== Available data
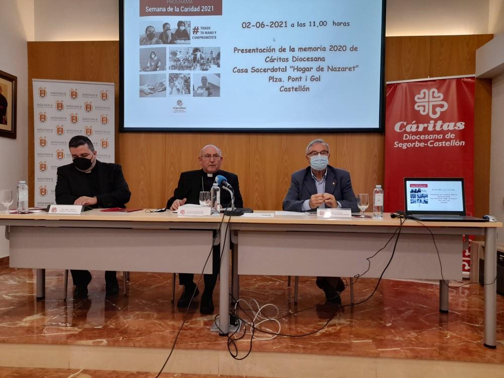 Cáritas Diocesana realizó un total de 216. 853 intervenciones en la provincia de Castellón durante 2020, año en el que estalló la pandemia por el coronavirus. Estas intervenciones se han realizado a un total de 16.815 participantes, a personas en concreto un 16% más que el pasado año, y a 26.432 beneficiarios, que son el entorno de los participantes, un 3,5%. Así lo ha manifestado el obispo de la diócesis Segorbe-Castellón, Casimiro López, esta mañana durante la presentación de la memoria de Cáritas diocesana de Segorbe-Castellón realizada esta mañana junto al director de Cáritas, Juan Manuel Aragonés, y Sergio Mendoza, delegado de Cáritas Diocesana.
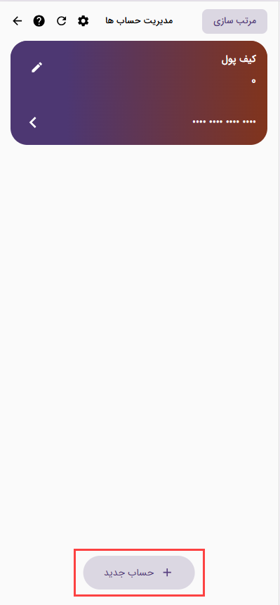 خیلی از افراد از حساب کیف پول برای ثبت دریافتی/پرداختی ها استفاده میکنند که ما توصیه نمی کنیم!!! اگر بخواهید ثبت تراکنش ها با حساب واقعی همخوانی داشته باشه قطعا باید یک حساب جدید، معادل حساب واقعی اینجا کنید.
====
== Available data
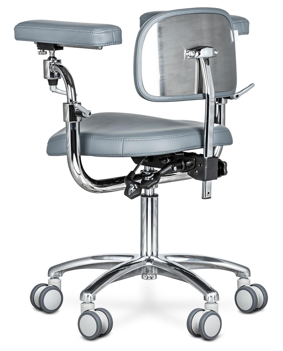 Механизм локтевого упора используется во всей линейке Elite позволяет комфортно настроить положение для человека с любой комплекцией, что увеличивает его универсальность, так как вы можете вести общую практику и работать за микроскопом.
====
**Exercise description:** Beginning at the line above that contains "Cáritas Diocesana realizó", repeat each line exactly through the one that contains "خیلی از افراد", and leave out the pictures.

**Solution:**
 Cáritas Diocesana realizó un total de 216. 853 intervenciones en la provincia de Castellón durante 2020, año en el que estalló la pandemia por el coronavirus. Estas intervenciones se han realizado a un total de 16.815 participantes, a personas en concreto un 16% más que el pasado año, y a 26.432 beneficiarios, que son el entorno de los participantes, un 3,5%. Así lo ha manifestado el obispo de la diócesis Segorbe-Castellón, Casimiro López, esta mañana durante la presentación de la memoria de Cáritas diocesana de Segorbe-Castellón realizada esta mañana junto al director de Cáritas, Juan Manuel Aragonés, y Sergio Mendoza, delegado de Cáritas Diocesana.
 خیلی از افراد از حساب کیف پول برای ثبت دریافتی/پرداختی ها استفاده میکنند که ما توصیه نمی کنیم!!! اگر بخواهید ثبت تراکنش ها با حساب واقعی همخوانی داشته باشه قطعا باید یک حساب جدید، معادل حساب واقعی اینجا کنید.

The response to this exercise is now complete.